══ Input material

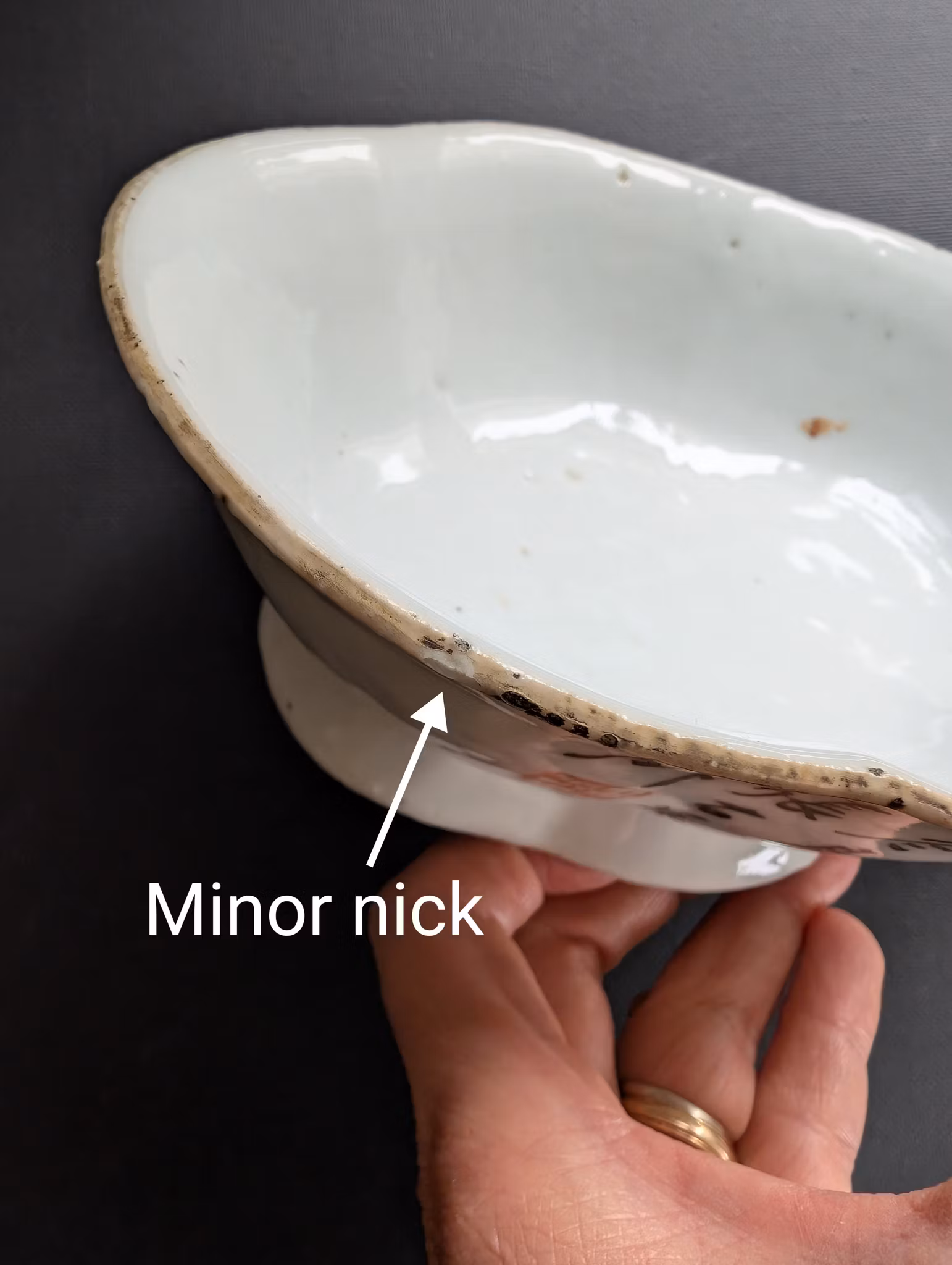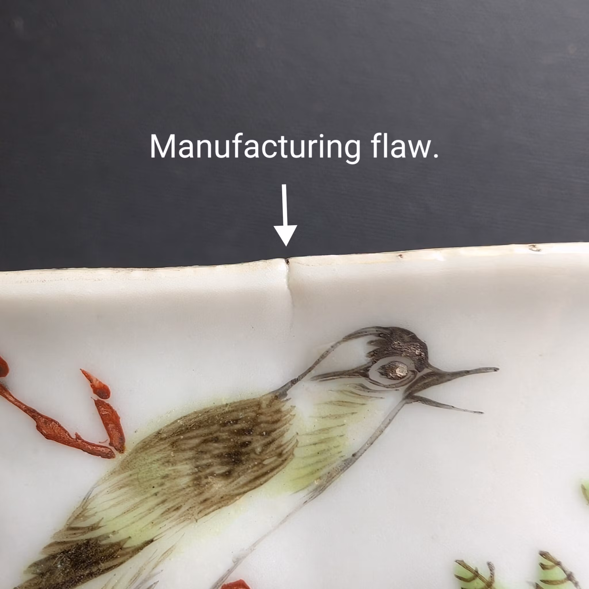 Checked with UV Lamp. Overall in nice condition. One firing / baking defect to the rim, one minor nick to the rim. General wear and manufacturing flaws.
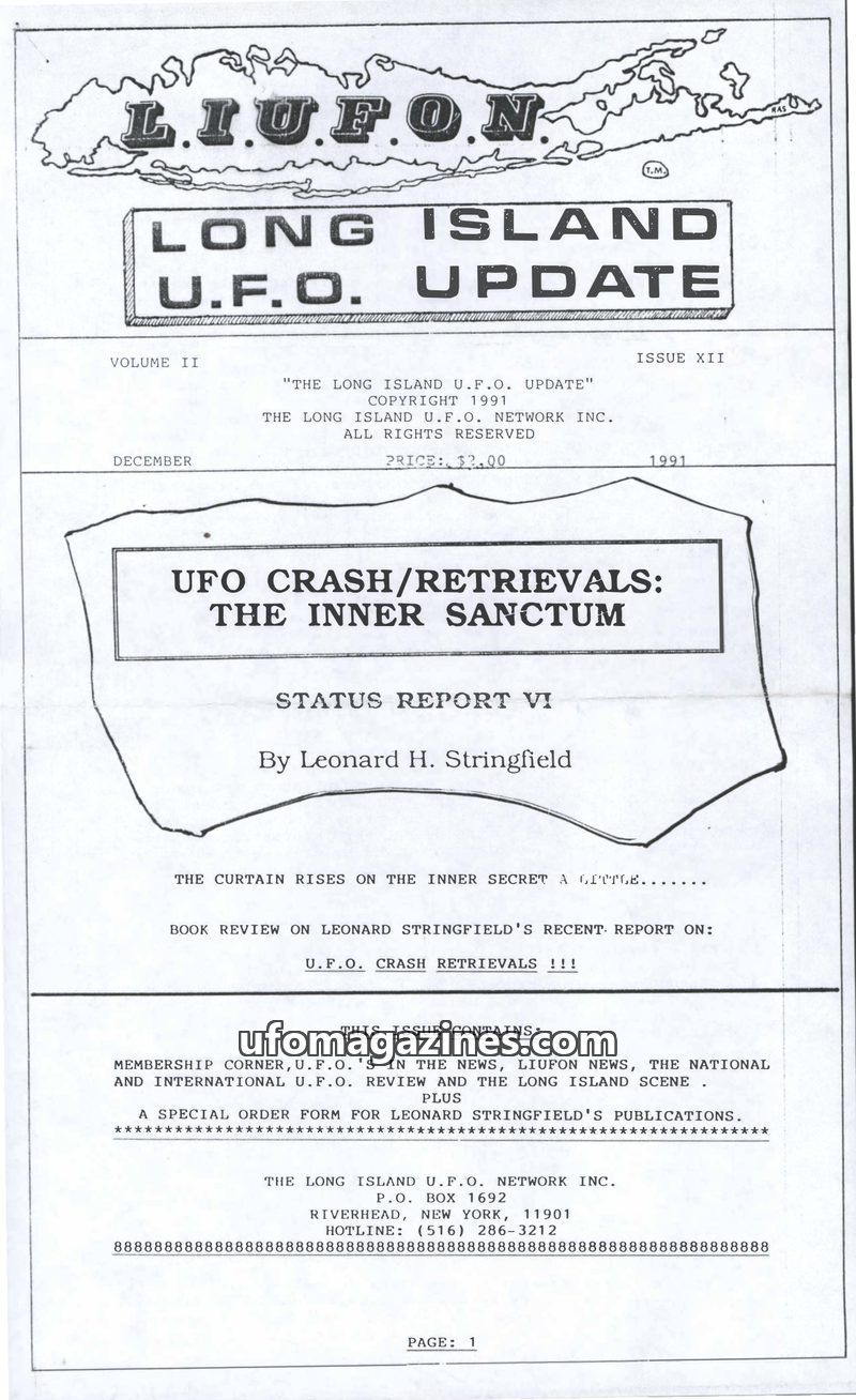 This issue of the Long Island UFO Update (Vol. II, Issue XII, December 1991) features Leonard H. Stringfield's 'Status Report VI' on UFO crash/retrievals, detailing cases from the
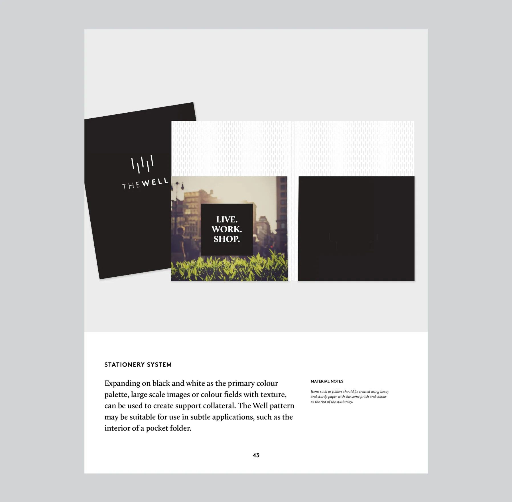 Expanding upon The Well’s existing brand guidelines created by Bruce Mau Design, additional standards were added by Forge, deepening the brand focus and addressing a broader range of brand application scenarios.
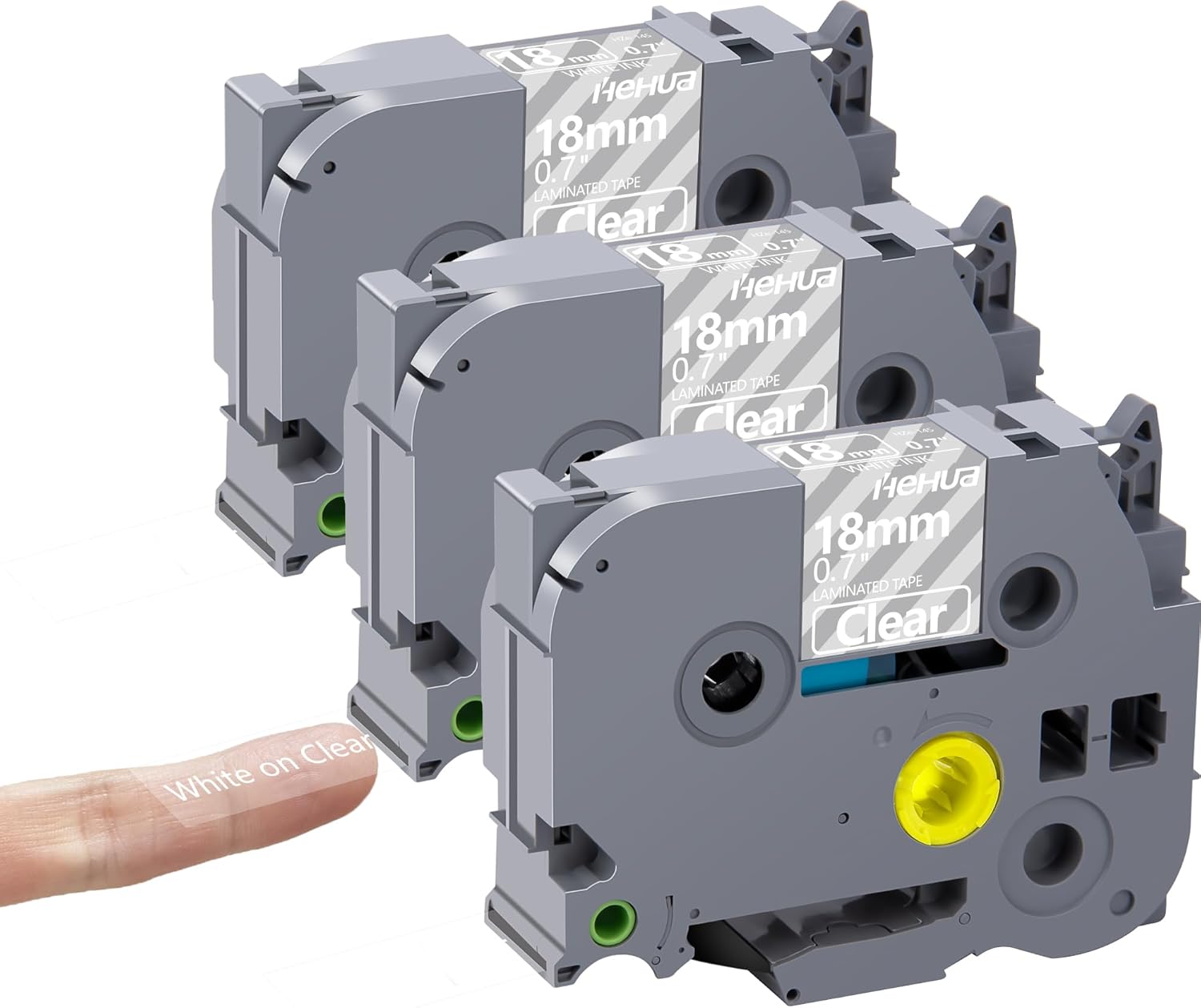 Hehua 18mm 0.7 Laminated Clear Tape Compatible for Brother P-Touch TZe-145 TZe145 TZ-145 TZ145 TZe TZ Label Tape for Ptouch PT D400 D600 P710bt, 3/4'' x 26.2ft White on Clear, 3 Pack
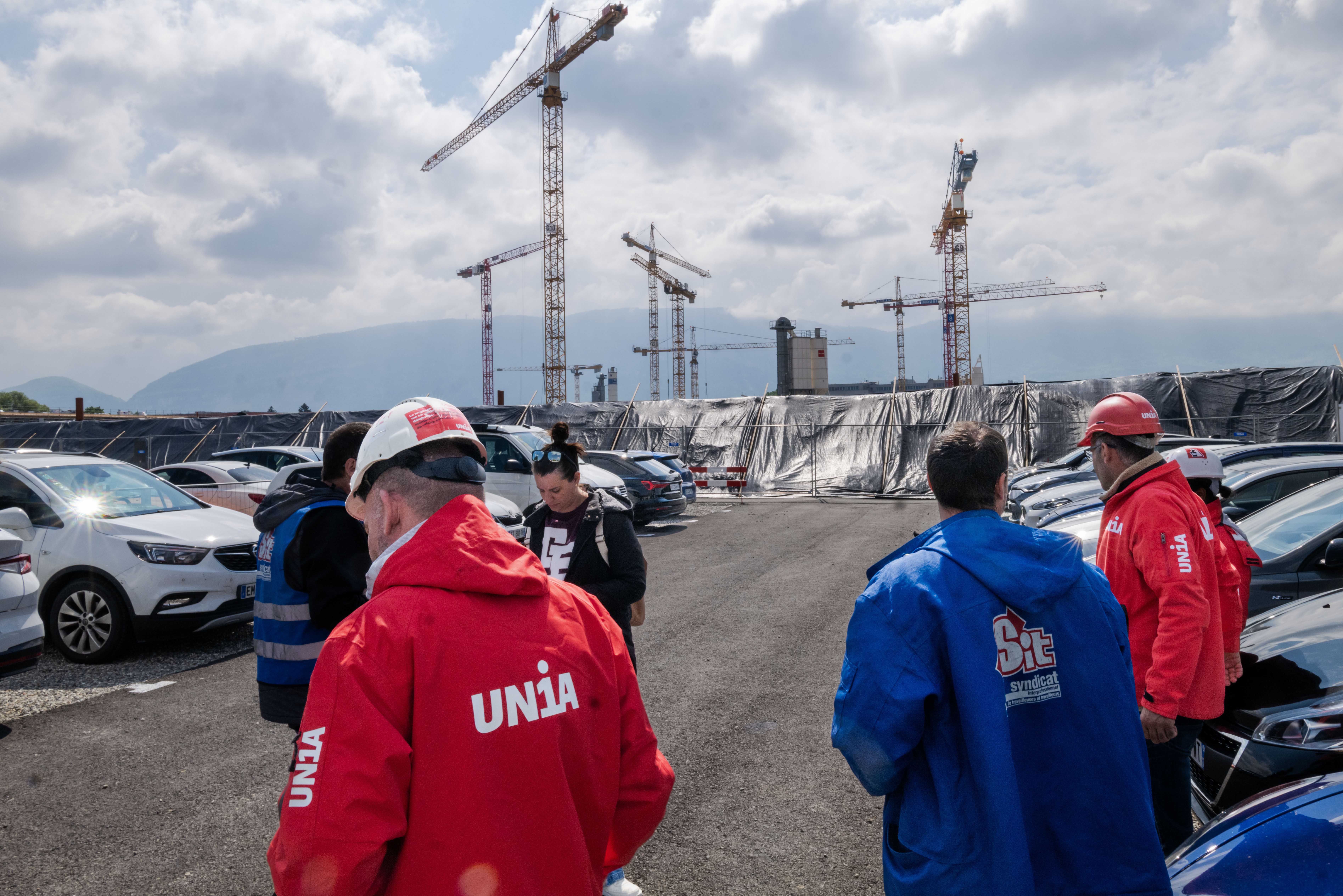 Unia et le SIT ont convié la presse sur un chantier stratégique à Genève comptant, selon leurs informations, 50% d’employés intérimaires. Les syndicats ont dénoncé une flexibilité toujours plus grande demandée aux maçons.
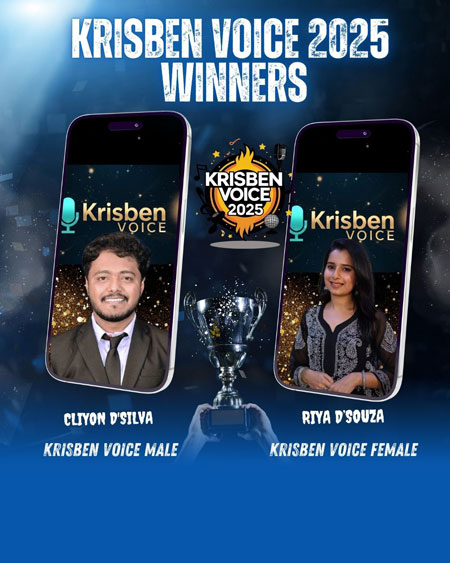 Recently, Krisben Music successfully conducted the Krisben Voice 2025 online singing contest. This global competition offered a mega cash prize of Rs 50,000 each for the male and female winners and received a very positive response from Konkani singers and audiences worldwide.
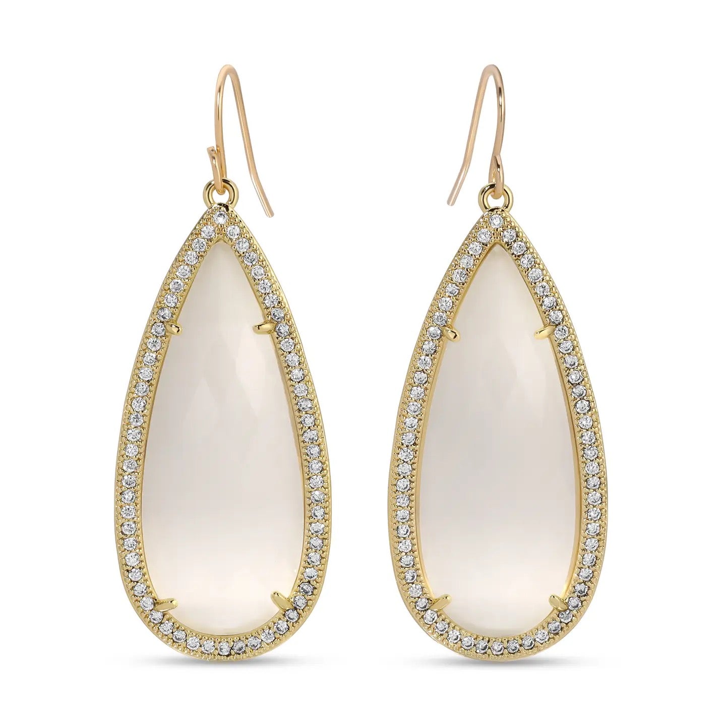 Introducing Phoebe, charming elongated stone teardrop earrings with a sparkling pave border. -2" Drop -Cat's Eye Stone -Cubic Zirconia -Plated

════

Begin at the line with "Recently, Krisben Music" and end at the last line of the data above. Reproduce those lines exactly, but not the pictures.

 Recently, Krisben Music successfully conducted the Krisben Voice 2025 online singing contest. This global competition offered a mega cash prize of Rs 50,000 each for the male and female winners and received a very positive response from Konkani singers and audiences worldwide.
 Introducing Phoebe, charming elongated stone teardrop earrings with a sparkling pave border. -2" Drop -Cat's Eye Stone -Cubic Zirconia -Plated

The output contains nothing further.